Joe leaned back. "Whodathunkit? I'd scarcely have thought it of Ma."
"Well, I guess with three boys, you two and Dad, she never had a little girl to dress." Harlan grabbed the last of the beans before Dennis finished making up his mind about thirds. "She made the most of it. Then she ordered me to go by Nat and Twila's. She got out. I didn't think she should go up by herself, just in case Nat was still there, so I went with her. Charlene answered the door. Grandma said that they were certainly welcome to give the rest of Eden's things to the Goodwill if it suited them, but she did need her glasses and they wouldn't do anyone else much good if they threw them into the box at the Lions Club."
"Now that I would think of Ma," Dennis inserted into the conversation.
"Charlene went back inside, leaving us standing there on the porch. In about ten minutes, she came back with the glasses. In their case. I thanked her, and she said, 'Could you give me a lift downtown, please?' We did, of course. Didn't know it then, but when she got out at the library, she called Sam Haygood and stayed there until he came over and picked her up. And then they went over to the Davises at supper time and told Nat and Twila that they were getting engaged, too, which sort of distracted them from Eden for a while. A half hour or thereabouts, anyway. As long as Nat and Twila thought the two of them were just getting engaged. But the ten minutes of arguin
g about whether Eden could have her glasses had been the last straw for Charlene. She told them that she was moving in with Sam, too. Starting that night. They really brought out the big guns. Church of Christ members aren't supposed to behave like that."

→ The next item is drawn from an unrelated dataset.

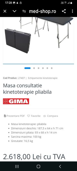 Masa consultație kinetoterapie pliabila noua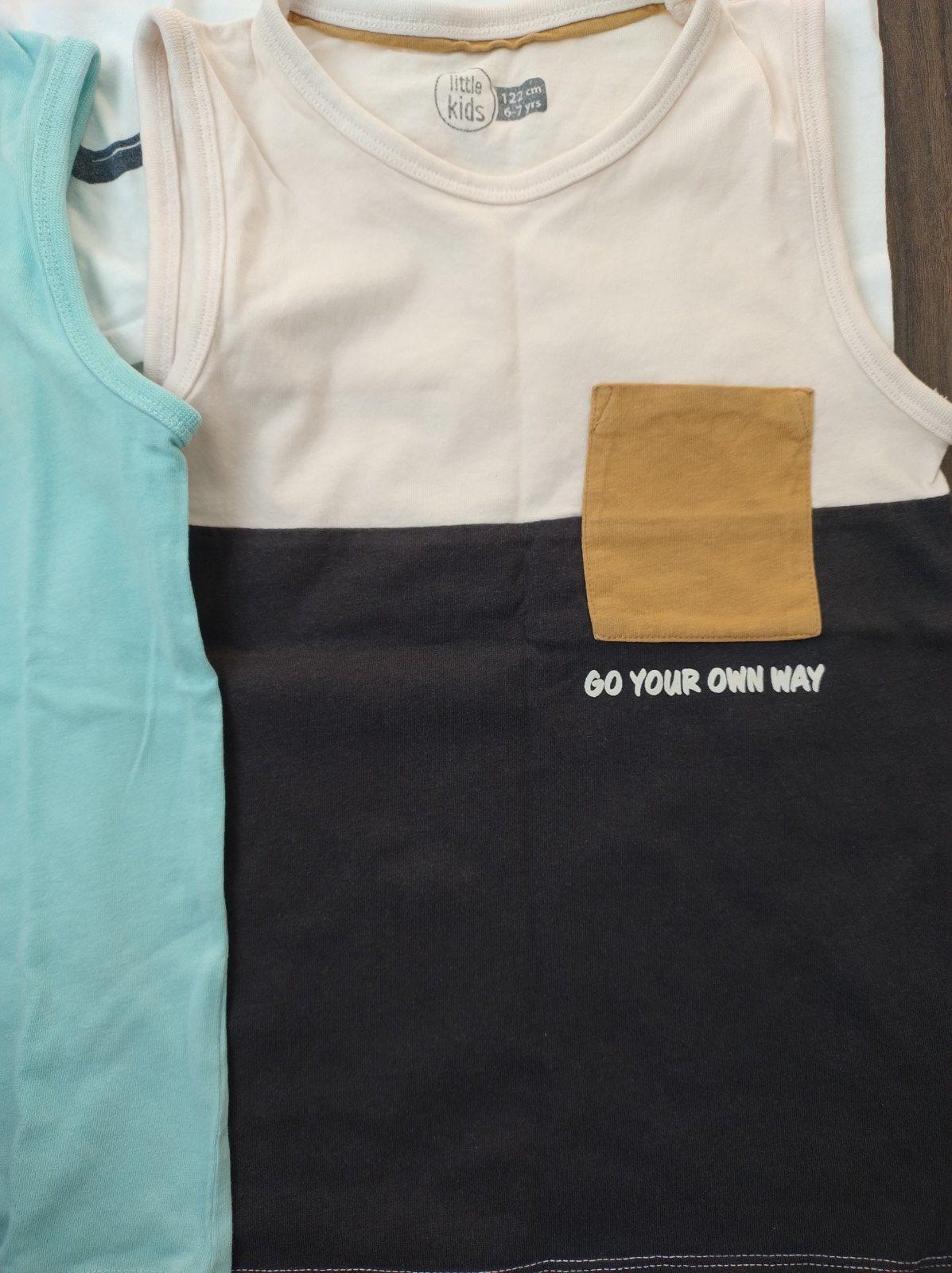4 ks letných tielok pre chlapca. Tmavomodré je H&M, veľkosť 110/116, ostatné Pepco v. 122. Dĺžka je rovnaká u vsetkých. Nosené, bez poškodení. Cena je uvedená spolu, samostane 2 € za kus.

Joe pushed his plate back. "Well, if Nat and Twila hadn't kept those girls on such a short leash, they wouldn't have reached the end of it so soon."
"There's that," Dennis admitted.
"Anyway, Grandma and I went back to my place and Eden got dressed. Right after she put her glasses on, she discovered that my refrigerator contained three slices of dried up pepperoni pizza and two cans of beer. She and Grandma took the car keys, extracted some more of my cash, and headed off to Stevenson's Supermarket. And that was when my life really started to change." Harlan grinned. "What with Twila being a home ec teacher and all, Eden had some really distinct views on what it was good for a person to eat. Most of them involving broccoli or fiber—or both. You win some, you lose some." He looked at his wife again. "Overall, though, having Eden move in was a winner."
"You'd better believe it," she answered.
"If you were living together anyway, why did you get married?" Noelle asked.